Individuals with HIV infections are often diagnosed before developing
AIDS, and the ensuing treatment makes it difficult to model incubation
times.
I shall describe a new model that accounts for early detection without
introducing bias. We use a Gibbs sampler Monte Carlo simulation to
estimate the probabilities of diagnoses and the total number of new
HIV infections each year among homosexual men in Ontario.

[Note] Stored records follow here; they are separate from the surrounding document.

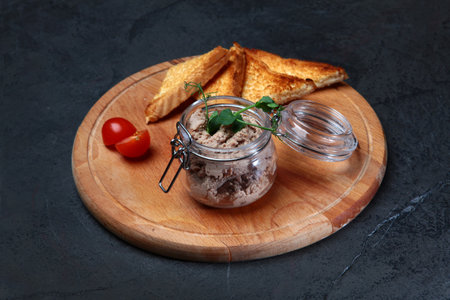 Homemade turkey or chicken liver pate in a glass jar. Baguette slices. Cherry tomatoes on a wooden round board.
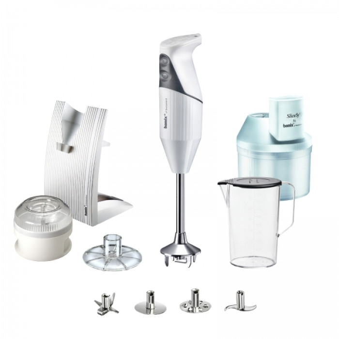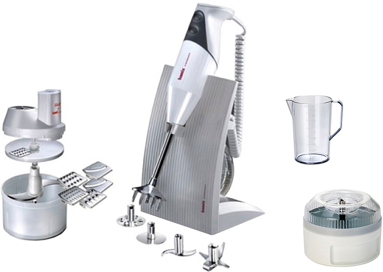 Блендер; Гарантийный талон; Инструкция; Держатель; Емкость 1000 мл; Терка с мелкими насечками; Терка с большими насечками; Насадка для взбивания; Многофункциональная насадка; Насадка для перемешивания; Насадка для рубки мяса; Терка со средними насечками; 2х Слайсер для тонкой нарезки
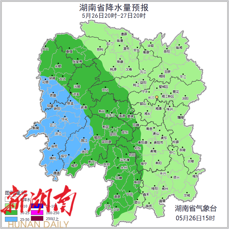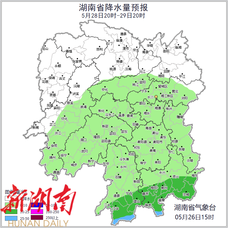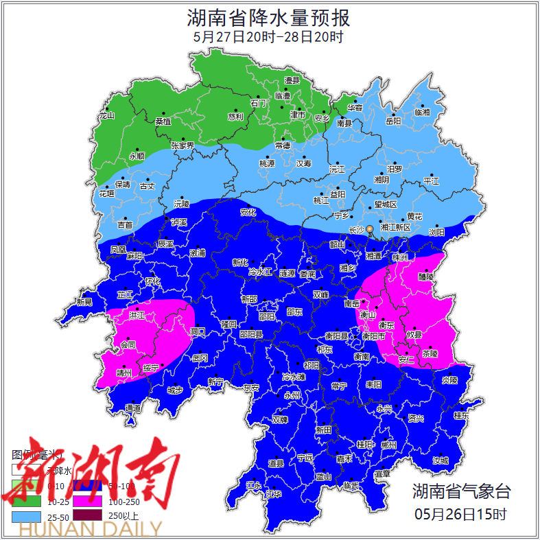 省应急委办公室发布的蓝色汛情提醒显示,5月27日,怀化、湘西土家族苗族自治州、邵阳、益阳、湘潭、株洲、娄底、衡阳、永州等地局地有暴雨,怀化、邵阳、益阳、娄底等地局地有大暴雨,最大小时雨强将达50至70毫米。5月28日,湘中、湘南有中到大雨,其中衡阳、株洲、永州、郴州等地部分地区有暴雨,单点有大暴雨。

- PAUL MARRIOT, University of Waterloo, 200 University Ave. W., Waterloo,
Ontario N2L 3G1
Mixture Models and Geometry
-
The class of statistical models known as mixtures have wide
applicability in applied problems due to their flexibility,
naturalness and interpretability. However despite their apparent
simplicity the inference problem associated with them remains hard,
both from a theoretical and a practical standpoint. This talk gives
an overview of some methods which use geometric techniques to
understand the problem of inference under mixture models. The
recently introduced class of local mixtures is shown to have many
applications, managing to retain a great deal of flexibility and
interpretability while having excellent inference properties. Also
discussed will be some interesting issues which arise when you
transfer ideas from one mathematical area (differential geometry) to
another (statistical inference).
- BRUNO REMILLARD, HEC Montréal
Bootstrapping methods for empirical processes
-
In this talk I will show that some bootstrapping methods work for
empirical processes, while some other methods do not work. Examples
will include parametric bootstrap for goodness-of-fit test for copula
families and multiplier methods for empirical processes of
pseudo-observations.
- LOUIS-PAUL RIVEST, Laval
Utilisation des quaternions pour la modélisation
statistique du mouvement humain
-
En biomécanique la mesure du mouvement humain fait intervenir des
systèmes de caméra qui enregistrent la position de marqueurs
fixés sur les membres du sujet. Les coordonnées des marqueurs
sont convertis en des matrices de rotations 3 ×3 qui donnent
les orientations des membres à l'étude.
Le mouvement d'une articulation est ensuite calculé comme étant la
suite temporelle des matrices de rotation donnant l'orientation
relative, l'un part rapport à l'autre, des deux segments de
l'articulation. Cette suite de rotations est représentée sous la
forme de trois séries temporelles d'angles d'Euler, respectivement
associées à des mouvements de type flexion-extension,
abduction-adduction et rotation externe-interne. Cet exposé
présente un modèle statistique qui permet d'identifier des erreurs
de mesure pour certains types de mouvement. Il postule qu'un
changement judicieux de l'orientation des systèmes d'axes des deux
segments d'une articulation permet de représenter le mouvement à
l'aide d'une seule suite d'angles d'Euler; ainsi ce mouvement serait,
par exemple, une flexion-extension pure. Cet exposé montre que
l'écriture des matrices de rotation sous la forme de quaternions
permet d'ajuster ce modèle de façon relativement simple.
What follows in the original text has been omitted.